## [WHAT IS NEEDED]
For the entries below, copy exactly the line that contains "Bé Luyền nhập" through the line that contains "7月13日、エアトランポリン", both ends included, and exclude all pictures.

(Dataset excerpts)
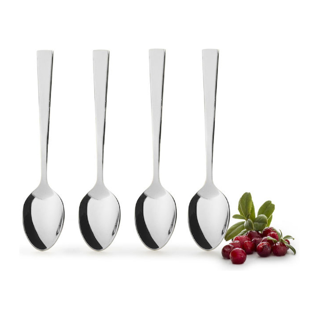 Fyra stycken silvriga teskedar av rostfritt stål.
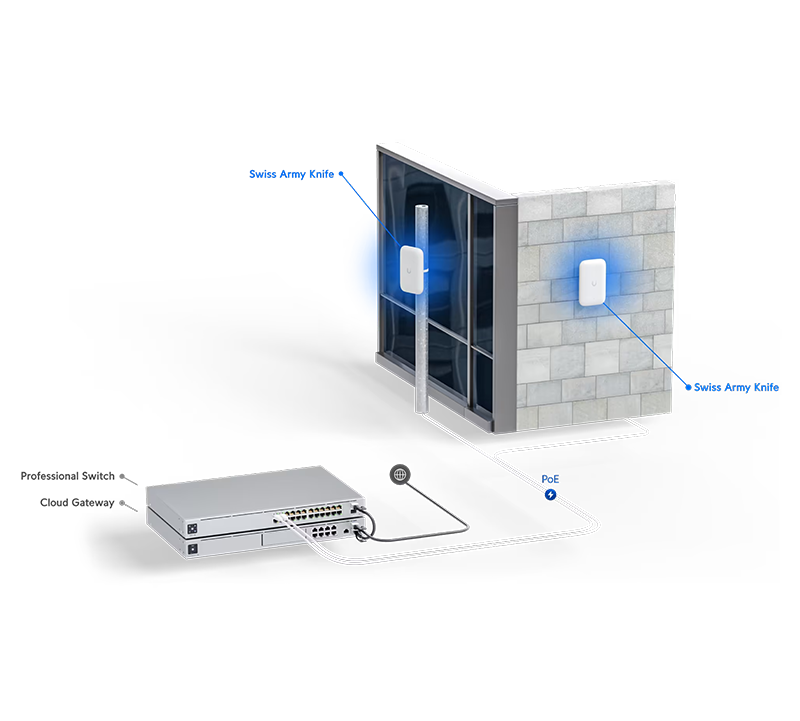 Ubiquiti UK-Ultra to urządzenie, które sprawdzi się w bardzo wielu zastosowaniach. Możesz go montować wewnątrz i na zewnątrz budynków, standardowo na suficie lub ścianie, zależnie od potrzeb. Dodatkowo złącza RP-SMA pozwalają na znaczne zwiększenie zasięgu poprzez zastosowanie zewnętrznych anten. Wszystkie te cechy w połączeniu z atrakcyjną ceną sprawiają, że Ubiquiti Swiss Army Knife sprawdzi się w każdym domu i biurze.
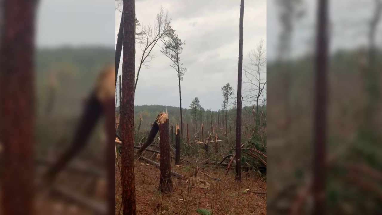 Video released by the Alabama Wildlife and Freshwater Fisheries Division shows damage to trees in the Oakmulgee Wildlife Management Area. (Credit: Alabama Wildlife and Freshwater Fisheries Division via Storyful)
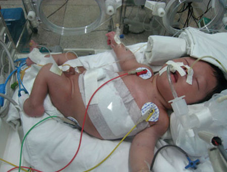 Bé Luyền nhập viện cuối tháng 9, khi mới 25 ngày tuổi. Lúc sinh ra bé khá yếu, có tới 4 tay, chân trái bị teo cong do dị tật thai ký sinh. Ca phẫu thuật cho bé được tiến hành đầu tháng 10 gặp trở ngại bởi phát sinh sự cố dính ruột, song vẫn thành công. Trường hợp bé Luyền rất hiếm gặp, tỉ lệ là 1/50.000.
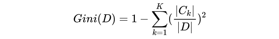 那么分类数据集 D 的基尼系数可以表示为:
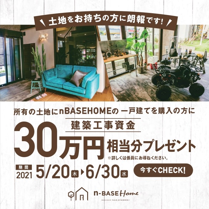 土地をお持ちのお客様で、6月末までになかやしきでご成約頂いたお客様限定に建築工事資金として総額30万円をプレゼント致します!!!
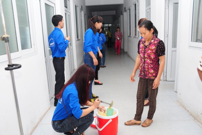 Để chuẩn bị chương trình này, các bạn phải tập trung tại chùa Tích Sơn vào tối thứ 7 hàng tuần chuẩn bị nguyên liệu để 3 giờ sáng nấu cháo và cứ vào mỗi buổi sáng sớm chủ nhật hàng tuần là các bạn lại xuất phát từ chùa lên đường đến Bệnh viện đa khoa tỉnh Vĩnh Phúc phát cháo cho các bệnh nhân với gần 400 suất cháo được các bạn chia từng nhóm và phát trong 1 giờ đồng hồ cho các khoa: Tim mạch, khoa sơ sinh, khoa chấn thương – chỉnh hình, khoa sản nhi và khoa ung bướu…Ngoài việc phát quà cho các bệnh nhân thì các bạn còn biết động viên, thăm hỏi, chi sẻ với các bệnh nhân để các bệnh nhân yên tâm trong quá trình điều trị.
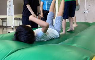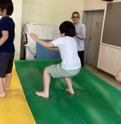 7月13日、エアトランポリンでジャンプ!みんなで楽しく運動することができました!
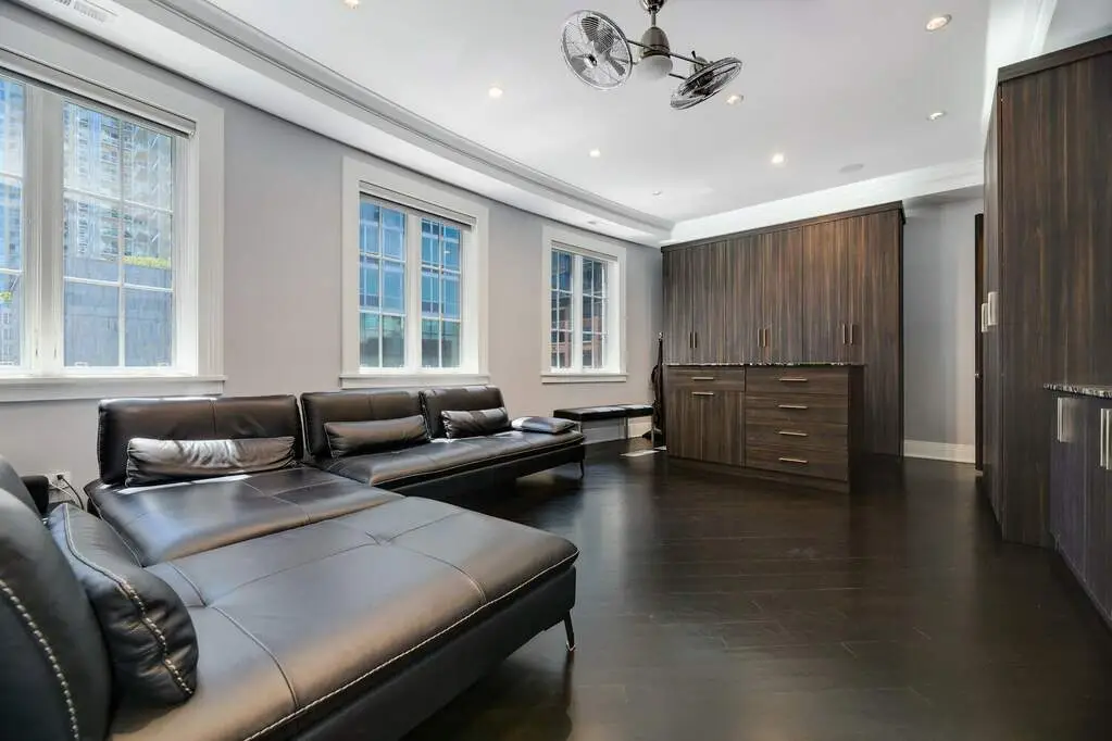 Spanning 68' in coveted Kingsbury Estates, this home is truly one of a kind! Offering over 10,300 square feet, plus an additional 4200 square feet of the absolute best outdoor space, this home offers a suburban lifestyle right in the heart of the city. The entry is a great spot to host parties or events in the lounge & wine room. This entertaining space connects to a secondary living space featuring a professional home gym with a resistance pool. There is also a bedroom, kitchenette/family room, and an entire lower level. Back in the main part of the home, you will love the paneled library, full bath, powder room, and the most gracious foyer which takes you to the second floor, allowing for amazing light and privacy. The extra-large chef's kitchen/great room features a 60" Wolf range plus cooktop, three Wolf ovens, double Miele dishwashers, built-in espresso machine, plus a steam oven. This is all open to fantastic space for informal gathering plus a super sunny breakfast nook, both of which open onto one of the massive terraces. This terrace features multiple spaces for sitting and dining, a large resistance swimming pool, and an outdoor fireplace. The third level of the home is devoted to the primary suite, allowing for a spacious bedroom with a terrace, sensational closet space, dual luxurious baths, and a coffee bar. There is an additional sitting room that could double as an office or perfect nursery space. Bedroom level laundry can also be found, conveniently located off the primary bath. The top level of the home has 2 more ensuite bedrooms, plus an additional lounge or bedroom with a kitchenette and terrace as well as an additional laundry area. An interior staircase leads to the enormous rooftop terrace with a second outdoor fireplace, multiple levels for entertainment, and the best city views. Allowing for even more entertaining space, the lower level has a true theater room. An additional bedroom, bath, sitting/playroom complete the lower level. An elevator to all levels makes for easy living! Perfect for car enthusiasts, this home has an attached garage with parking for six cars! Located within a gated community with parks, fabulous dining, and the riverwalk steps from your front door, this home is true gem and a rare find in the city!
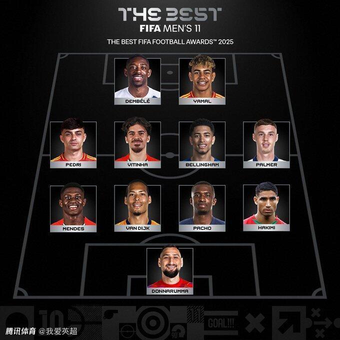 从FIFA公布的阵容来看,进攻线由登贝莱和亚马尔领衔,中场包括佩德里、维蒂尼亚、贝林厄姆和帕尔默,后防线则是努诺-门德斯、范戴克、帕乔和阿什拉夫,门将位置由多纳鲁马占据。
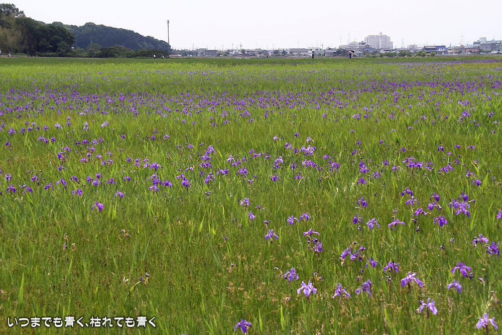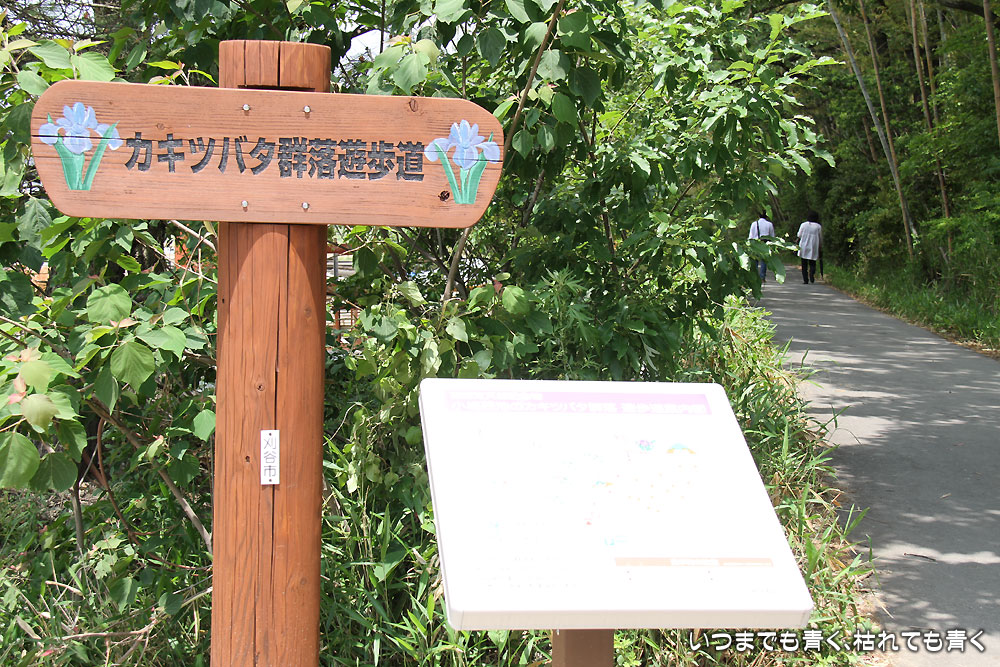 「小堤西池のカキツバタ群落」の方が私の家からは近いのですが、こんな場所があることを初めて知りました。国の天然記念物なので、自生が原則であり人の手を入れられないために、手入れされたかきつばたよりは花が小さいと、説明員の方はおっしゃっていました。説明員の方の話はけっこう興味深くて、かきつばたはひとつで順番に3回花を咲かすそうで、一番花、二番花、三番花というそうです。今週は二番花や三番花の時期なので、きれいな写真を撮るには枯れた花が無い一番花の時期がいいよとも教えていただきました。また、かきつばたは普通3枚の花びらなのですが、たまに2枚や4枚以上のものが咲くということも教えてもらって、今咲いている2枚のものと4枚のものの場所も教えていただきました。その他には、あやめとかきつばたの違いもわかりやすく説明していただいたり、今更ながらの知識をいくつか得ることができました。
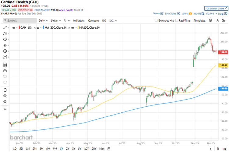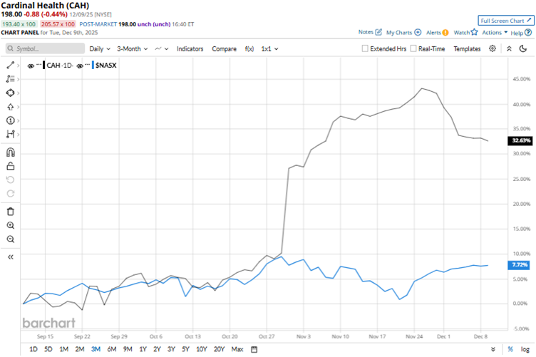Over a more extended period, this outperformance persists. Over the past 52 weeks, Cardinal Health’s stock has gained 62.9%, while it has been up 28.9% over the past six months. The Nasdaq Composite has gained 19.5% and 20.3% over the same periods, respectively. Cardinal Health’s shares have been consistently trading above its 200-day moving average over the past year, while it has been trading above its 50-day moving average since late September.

## [TASK ANSWER]
 Bé Luyền nhập viện cuối tháng 9, khi mới 25 ngày tuổi. Lúc sinh ra bé khá yếu, có tới 4 tay, chân trái bị teo cong do dị tật thai ký sinh. Ca phẫu thuật cho bé được tiến hành đầu tháng 10 gặp trở ngại bởi phát sinh sự cố dính ruột, song vẫn thành công. Trường hợp bé Luyền rất hiếm gặp, tỉ lệ là 1/50.000.
 那么分类数据集 D 的基尼系数可以表示为:
 土地をお持ちのお客様で、6月末までになかやしきでご成約頂いたお客様限定に建築工事資金として総額30万円をプレゼント致します!!!
 Để chuẩn bị chương trình này, các bạn phải tập trung tại chùa Tích Sơn vào tối thứ 7 hàng tuần chuẩn bị nguyên liệu để 3 giờ sáng nấu cháo và cứ vào mỗi buổi sáng sớm chủ nhật hàng tuần là các bạn lại xuất phát từ chùa lên đường đến Bệnh viện đa khoa tỉnh Vĩnh Phúc phát cháo cho các bệnh nhân với gần 400 suất cháo được các bạn chia từng nhóm và phát trong 1 giờ đồng hồ cho các khoa: Tim mạch, khoa sơ sinh, khoa chấn thương – chỉnh hình, khoa sản nhi và khoa ung bướu…Ngoài việc phát quà cho các bệnh nhân thì các bạn còn biết động viên, thăm hỏi, chi sẻ với các bệnh nhân để các bệnh nhân yên tâm trong quá trình điều trị.
 7月13日、エアトランポリンでジャンプ!みんなで楽しく運動することができました!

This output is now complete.